## [DATA FOR ANALYSIS]
---------------
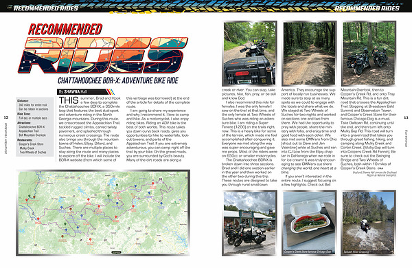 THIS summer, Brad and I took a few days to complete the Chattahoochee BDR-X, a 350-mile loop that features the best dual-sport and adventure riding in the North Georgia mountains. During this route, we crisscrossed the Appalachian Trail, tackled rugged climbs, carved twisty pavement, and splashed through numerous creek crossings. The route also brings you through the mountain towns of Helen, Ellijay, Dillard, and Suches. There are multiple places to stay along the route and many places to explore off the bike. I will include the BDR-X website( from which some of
---------------
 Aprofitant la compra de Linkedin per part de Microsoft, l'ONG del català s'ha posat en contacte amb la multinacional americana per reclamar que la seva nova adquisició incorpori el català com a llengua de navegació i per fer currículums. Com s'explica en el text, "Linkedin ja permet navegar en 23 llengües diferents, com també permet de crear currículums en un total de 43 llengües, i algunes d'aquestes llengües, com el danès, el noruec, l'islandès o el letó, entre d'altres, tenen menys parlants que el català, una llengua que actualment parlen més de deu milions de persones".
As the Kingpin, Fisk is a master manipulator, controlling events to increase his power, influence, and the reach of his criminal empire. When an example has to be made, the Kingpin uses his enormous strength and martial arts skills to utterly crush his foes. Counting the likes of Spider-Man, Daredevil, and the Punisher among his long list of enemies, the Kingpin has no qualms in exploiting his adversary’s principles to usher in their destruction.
---------------
## [EXERCISE]
Among the entries above, copy exactly only the lines starting with the one containing "Aprofitant la compra" and going through the one containing "As the Kingpin, Fisk", both ends included.

## [ANSWER FOR THE TASK]
 Aprofitant la compra de Linkedin per part de Microsoft, l'ONG del català s'ha posat en contacte amb la multinacional americana per reclamar que la seva nova adquisició incorpori el català com a llengua de navegació i per fer currículums. Com s'explica en el text, "Linkedin ja permet navegar en 23 llengües diferents, com també permet de crear currículums en un total de 43 llengües, i algunes d'aquestes llengües, com el danès, el noruec, l'islandès o el letó, entre d'altres, tenen menys parlants que el català, una llengua que actualment parlen més de deu milions de persones".
As the Kingpin, Fisk is a master manipulator, controlling events to increase his power, influence, and the reach of his criminal empire. When an example has to be made, the Kingpin uses his enormous strength and martial arts skills to utterly crush his foes. Counting the likes of Spider-Man, Daredevil, and the Punisher among his long list of enemies, the Kingpin has no qualms in exploiting his adversary’s principles to usher in their destruction.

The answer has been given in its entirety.